Facebook's datacenter carbon footprint over time
Figure from Chasing Carbon by Gupta et al. showing Facebook’s datacenter carbon footprint over time. “Scope 3” is the supply chain, 49% of which is construction & hardware manufacturing. “Scope 2” is the datacenter power, i.e., the energy it takes to run the machines. The dotted line shows what Scope 2 would look like without buying renewable energy.

Research communities in computer systems should worry about capex carbon emissions. Capex or embodied carbon accounts for the carbon manufacturers produce when building a machine. It’s in contrast to opex carbon, which counts the emissions we incur to use a machine, i.e., from the electricity we feed into a datacenter or a smartphone’s charging port. In a way, systems researchers are already all experts on opex carbon: we worship at the temple of computational efficiency, and making machines faster almost always means getting more work done per joule of energy. But researchers have recently suggested that, over the lifetime of a computer system, its capex carbon can outstrip—perhaps dramatically—its opex emissions.
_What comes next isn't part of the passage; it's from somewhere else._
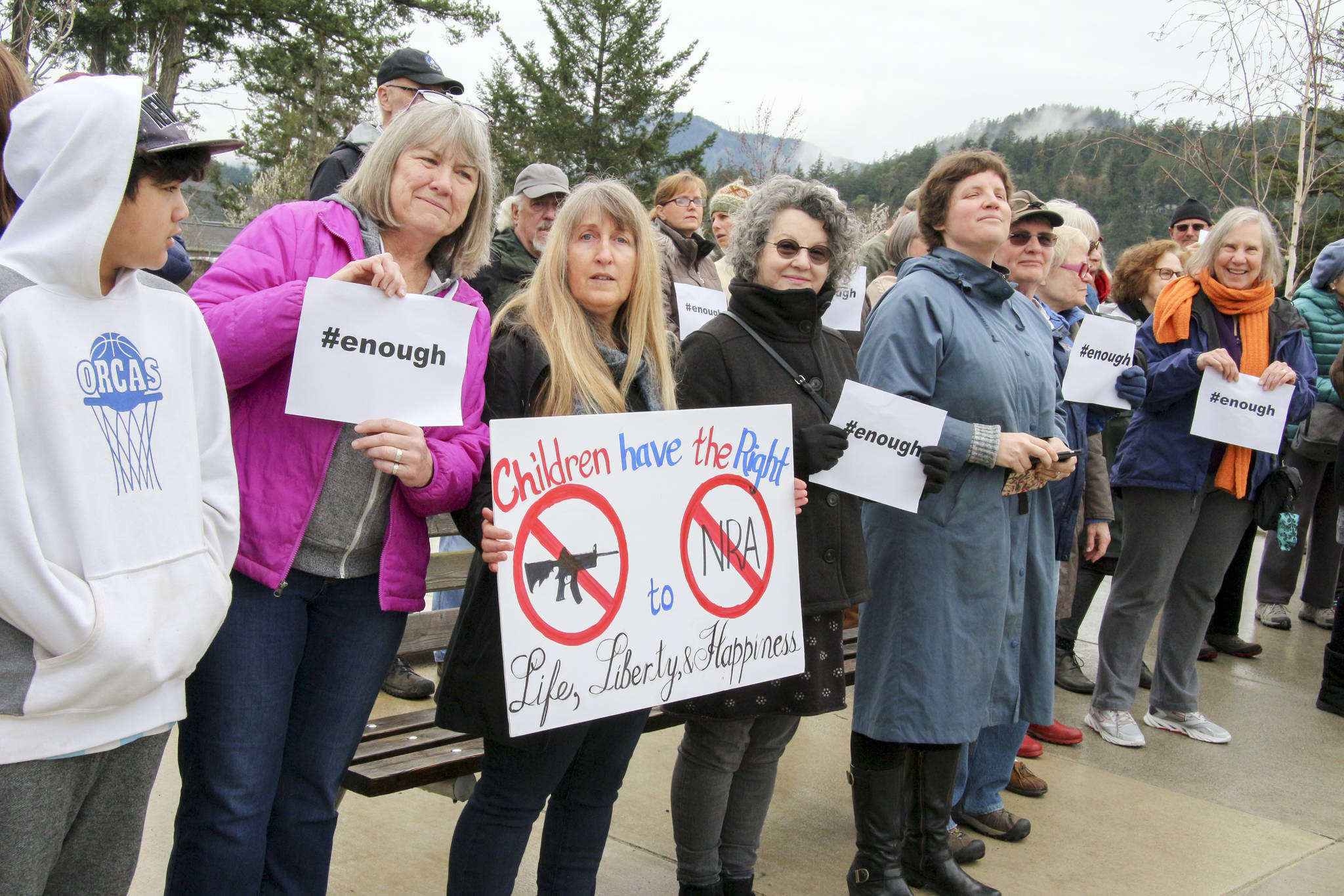 Orcas Island high school and middle school students participated in the nationwide walkout event honoring the 17 victims of the Stoneman Douglas High School shooting that happened exactly one month ago in Parkland, Florida. Many community members were in attendance as well, supporting the youth in their activism.
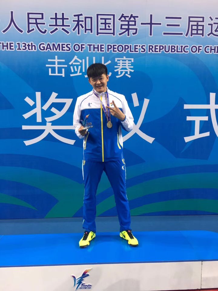 近日,在刚刚结束的中华人民共和国第十三届运动会的击剑比赛中,我校体育学院2016级运动训练专业的薛洋东同学获得男子重剑团体比赛冠军;体育学院2017级运动训练专业的王石同学获得男子佩剑个人第三名、团体第二名。这是四年一次的全运会赛场上首次出现我校运动员的身影。

If capex carbon is the real problem in computing’s climate impact, systems researchers should worry because our favorite tools are a poor fit for the job. It does not suffice to design new and better computers that work more efficiently than the old computers, as we usually do; we instead need to figure out how to use the same old hardware for longer. Reuse and longevity are the key metrics for climate-aware computing.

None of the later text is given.